Арно Зурмински - Йокенен, или Долгий путь из Восточной Пруссии в Германию
Петер помахал рукой. Видя, что Герман и не собирается покидать свое окно, Петер пошел в трактир.
- Ты что? - крикнул он уже на лестнице.
- Я не поеду.
Петер уставился на него, не понимая.
- Ты сдвинулся? Когда мы свалим, здесь ведь больше ни одного немца не будет.
- Я должен ждать маму и папу, - возразил Герман и посмотрел на шоссе, как будто там вот-вот могли показаться два пешехода.
Но от Петера было невозможно так легко отмахнуться. Для него этот переезд в Германию был радостным событием, полным приключений путешествием к незнакомым городам - нечто такое, что на долю мальчика из Йокенен выпадает всего раз в жизни. А тут он еще добавил такое оптимистическое заявление:
- Твои родители наверняка уже в Германии! А иначе где же еще все те люди, которых здесь нет?
Позади них Алеша насвистывал песенку. Герман взглянул на него, и Алеша улыбнулся в ответ. Как объяснить Ивану, что он все-таки решил поехать в Германию? Он пошел в конюшню, где Иван хлопотал около лошадей. Герман остановился в дверях. Объяснений не понадобилось, Иван сразу же понял (а может быть, и вообще никогда не думал всерьез взять Германа с собой). Он отставил вилы в угол и полез по лестнице на сеновал. На последних ступеньках он остановился, стал шарить руками под балкой, ругнулся, поднял несколько досок и наконец нашел, что искал. Сунул Герману в руку пачку денег. Марки. Пять... шесть... семь... Восемьсот марок. При этом он много говорил, чего Герман не понял. Звучало как "счастливого пути" и "может, встретимся в Берлине" и "будь здоров". Герман равнодушно сунул деньги под рубашку, даже забыл поблагодарить. Вряд ли эти бумажки чего-нибудь стоят.
Все йокенцы, оставшиеся от войны, разместились на двух телегах. Сидели со своими пожитками среди мешков и узлов и мерзли под резким северо-восточным ветром. Шубгилла, как наседка в окружении своих многочисленных цыплят, майорша, молчаливая, углубившаяся в себя. Даже старую Воверишу, оставшуюся незамеченной при вступлении Красной Армии, поляки нашли в ее укрытии на опушке леса и извлекли оттуда. Она сидела среди одеял и желтых диванных подушек на второй телеге, а ее Пизо, тявкая, носился вокруг лошадей. Это было очень похоже на второй исход. Повозки, холодный зимний день - только не было стрельбы.

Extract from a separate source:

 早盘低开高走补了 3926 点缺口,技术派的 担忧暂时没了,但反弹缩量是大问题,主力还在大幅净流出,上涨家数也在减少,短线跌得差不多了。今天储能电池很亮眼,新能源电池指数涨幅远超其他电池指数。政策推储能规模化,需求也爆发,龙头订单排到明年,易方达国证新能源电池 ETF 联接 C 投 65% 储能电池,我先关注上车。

И их было всего несколько человек - не сравнить с длиннющим караваном, выходившим тогда из Йокенен.
Ну, поехали. Бог знает, вернемся ли когда-нибудь в Йокенен. Боже мой, каким покинутым выглядело это гнездо - сейчас, когда из него уезжали все люди и угасали последние очаги!
Герман и Петер сидели сзади на последней телеге и болтали ногами. Прогрохотали по булыжнику мимо кладбища, свернули на шоссе на Дренгфурт.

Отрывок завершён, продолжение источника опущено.